Hillary Clinton visited our little town yesterday and marched in our Fourth of July parade. I don’t know how I’m going to vote yet (and when I do, I won’t talk about it here, because I’m not stupid). But Mrs. Clinton seems like a smart, tough lady and probably is just as qualified as anybody else to be President of the United States.

Mrs. cpb isn’t sure who she’s going to vote for, either. But my wife is very sweet and thought it was pretty cool that a major political figure would be walking right by us when we stood on Main Street for the parade. She wanted to make Mrs. Clinton feel welcome. Before I had even gotten out of bed yesterday, she’d made two signs to welcome the former First Lady to Gorham.

A few other locals made signs of their own. They were asking questions about Benghazi and accused Mrs. Clinton of being a liar and (for reasons I didn’t get clarified) “anti-woman.” My problem is not that I agree or disagree with what they’re saying (though I’m pretty sure that Mrs. Clinton likes women as a group, and that she was cleared on the Benghazi thing in, like, November). My problem is that I just don’t understand why they’re so mad.

Before I present my photos, I will ask a general, rhetorical question about modern Right Wing politics. And I ask this as someone who has some conservative values and even registered as a Republican not terribly long ago.
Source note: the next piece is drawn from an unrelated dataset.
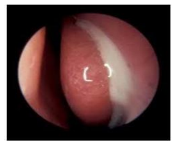
Figure 1: Endoscopic view of muco-purulent discharge in (L) middle meatus

Through DNE the diagnosis of CRS was confirmed by presence of mucopurulent discharge from sinuses into the middle meatus, superior meatus and sphenoethmoidal recess, and blockage of the natural ostium of one or more sinuses by edema or polyps. Confirmation of CRS by NCCT was done by presence of blockage of natural ostia of \geq 1 sinuses in the PNS and complete or partial opacification. [Figure 1- 4]

So here’s my question, Right Wingers:

What is your deal?

You don’t have to like Hillary Clinton, obviously. In fact, you’re free to dislike her quite a bit. Her husband—though he was undeniably a good president—had the unfortunate taint of scandal hovering around him even before he took office. But like another reasonably decent president whom you guys really despise for some reason, there seems to be no rational reason for the intense, vocal, bitter hatred that you sling her way.

Back in January 1993, Bill Clinton was giving his first State of the Union address. I was a young newspaper reporter in the Southern Oregon city of Roseburg (My proposed motto for Roseburg: “If there were a ballot measure to make enslaving black people legal again, no more than a third of us would vote ‘Yes’!”). My editors asked me to go around while Clinton’s speech was going on and get people’s reactions. At about the point where Clinton was talking about universal health care, I wandered out of the rain and into an appliance store. There, the lonely proprietor was watching Clinton on a wall of TV’s. I asked him how he thought the speech was going.

I don’t remember his exact words, but they were really angry. According to him, the country was going to hell, America was about to be taken over by the United Nations, and Bill Clinton was the first in a long line of leaders who would rule us with a mandate handed down (up?) by the Antichrist. Then he said a bunch of Bible verses.

At this point, Clinton had been in office for twenty-eight days.

I wish I could say that he was atypical of people who hate the Clintons, President Obama, political pragmatism, etc, etc. But he wasn’t. I’ve run into dozens of people like him while working both in journalism and education. The first thing I notice is that they’re really vocal. The second is that they don’t really seem to care whom they are vocal with.

A recent example: I was mailing a package from North Conway last week. The news that Mrs. Clinton was going to be in Gorham had just gotten out, and the guy behind the postal counter wasn’t happy. He popping off about how much he hated Mrs. Clinton to pretty much to anyone who would listen—me, other postal customers, anyone. This kind of thing is constant, and I just don’t understand. I’m confident we’ll reach consensus one day that George W. Bush wasn’t a very good president. He was elected (sort of) in a very bitter election. But after Sept. 11, he had an approval rating north of 90 percent. You don’t get that without a little bipartisan support. I’m not a universal fan of Democrats by any means, but they do seem to want to get everyone together when times are tough.

I don’t perceive the same sentiment from their opposite number.

Now, I am not naive enough to believe that American politics got this stupid and nasty only recently. I remember hearing a story about a couple of U.S. Army officers in Europe drinking a toast to the recently deceased FDR. They weren’t toasting him, they were celebrating his death! (And he was a great president! We were winning the war and everything!)

I also get that the Clintons aren’t perfect people. They’re politicians. They both like to seek office for reasons we’ve all come to expect from the ruling class. But I do believe that Hillary Clinton wants to be president because she believes that she can leave the United States in better shape. If we don’t all agree on the best ways to go about this, and we believe that other people would do a better job than she could, maybe we could go about it in a more respectful way.

Besides: Insulting visitors is rude. Show the lady some respect.